Pieces of Modesty is a short story collection by Peter O'Donnell featuring his action heroine, Modesty Blaise, first published in 1972. It was O'Donnell's first such collection of stories (he would publish a second, Cobra Trap, decades later).

The stories featured in this collection are:

  1. "A Better Day to Die"
  2. "The Giggle-Wrecker"
  3. "I Had a Date with Lady Janet"
  4. "A Perfect Night to Break Your Neck"
  5. "Salamander Four"
  6. "The Soo Girl Charity"

Elements from some of these stories would appear in the Modesty Blaise comic strip which O'Donnell wrote concurrent with his book series. "I Had a Date with Lady Janet" is distinguished as the only Modesty Blaise tale to be told in the first person by Modesty's right-hand man, Willie Garvin. Later novels would include characters introduced in these stories (including the aforementioned Lady Janet), and reference events in some of them (such as "Salamander Four" and past events depicted in "I Had a Date with Lady Janet").

The stories in this collection predate the publication of the book by several years. In the 1960s they were planned for publication in a book that would have been illustrated by O'Donnell's comic strip artist, Jim Holdaway who died in 1970. That edition was never produced. Holdaway's illustrations for the stories exist and have been reprinted in various magazines. The stories were originally published as newspaper inserts in Australia in 1970, in a weekly called Pix, under the series title "Pay for Your Holidays Book (1–6)". The original order was:

  1. Modesty Blaise and the Men of Salamander Four (3 January 1970)
  2. A Perfect Night to Break Your Neck (10 January 1970)
  3. A Better Day to Die (17 January 1970)
  4. The Giggle Wrecker (24 January 1970)
  5. The Soo Girl Charity (31 January 1970)
  6. I Had a Date with Lady Janet (7 February 1970)

All were illustrated and eight pages long. The artists were uncredited, though the front page illustrations are signed by Holdaway for the first five (and the last looks like Holdaway's work). The interior illustrations appear to be by a different artist.

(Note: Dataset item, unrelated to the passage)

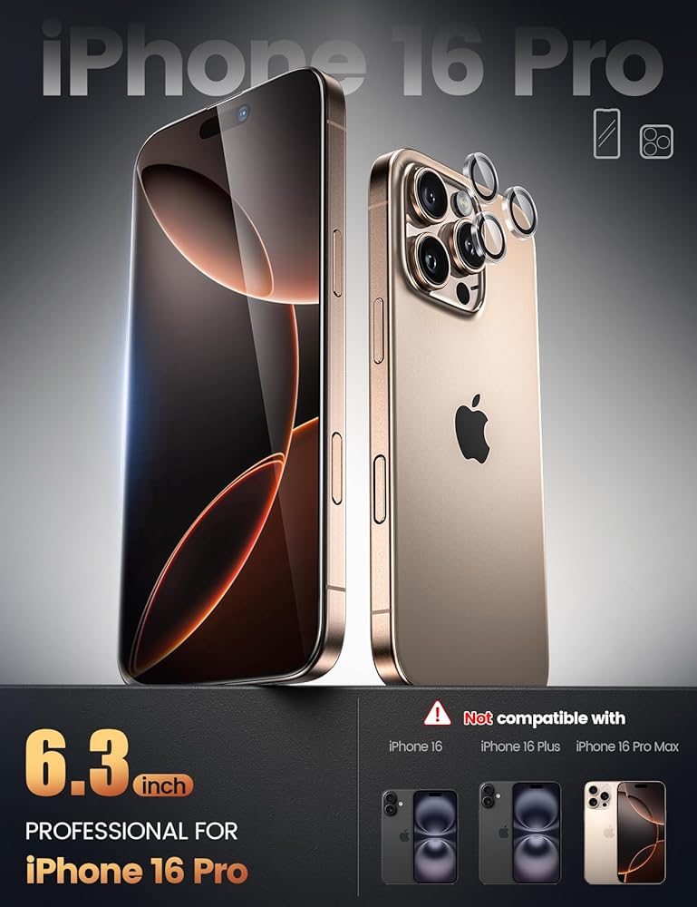 【Perfect for iPhone 16 Pro】The iPhone 16 Pro Screen Protector and Camera Lens Protector are designed for the iPhone 16 Pro. It's prefectly fot for iPhone 16 Pro & its black edge blends perfectly with iPhone's black frame without affecting appearance. Included: 2 pcs of iPhone 16 Pro glass screen protector+ 2 pcs of camera tempered glass protector + 1 set of installing kit (Aligned frame, film scrapper, cleaning tool.)

Pieces of Modesty is unusual in the Modesty Blaise canon as it was the only book in the series not published in its first edition by Souvenir Press, instead being published exclusively in paperback by Pan Books. In 1986, the American company Mysterious Press issued the book's first and (to date) only hardcover edition. In the 2000s, Souvenir Press began a series of reprints of the Modesty Blaise books, and after acquiring the rights, re-issued Pieces of Modesty in March 2010 with new cover artwork based on the original hardback edition of the first Modesty Blaise novel (as no first-edition hardback was published of Pieces of Modesty).

In the early 1980s, a dramatic reading of the story "I Had a Date with Lady Janet" was released on cassette tape by Pickwick Talking Books, PTB611, featuring John Thaw.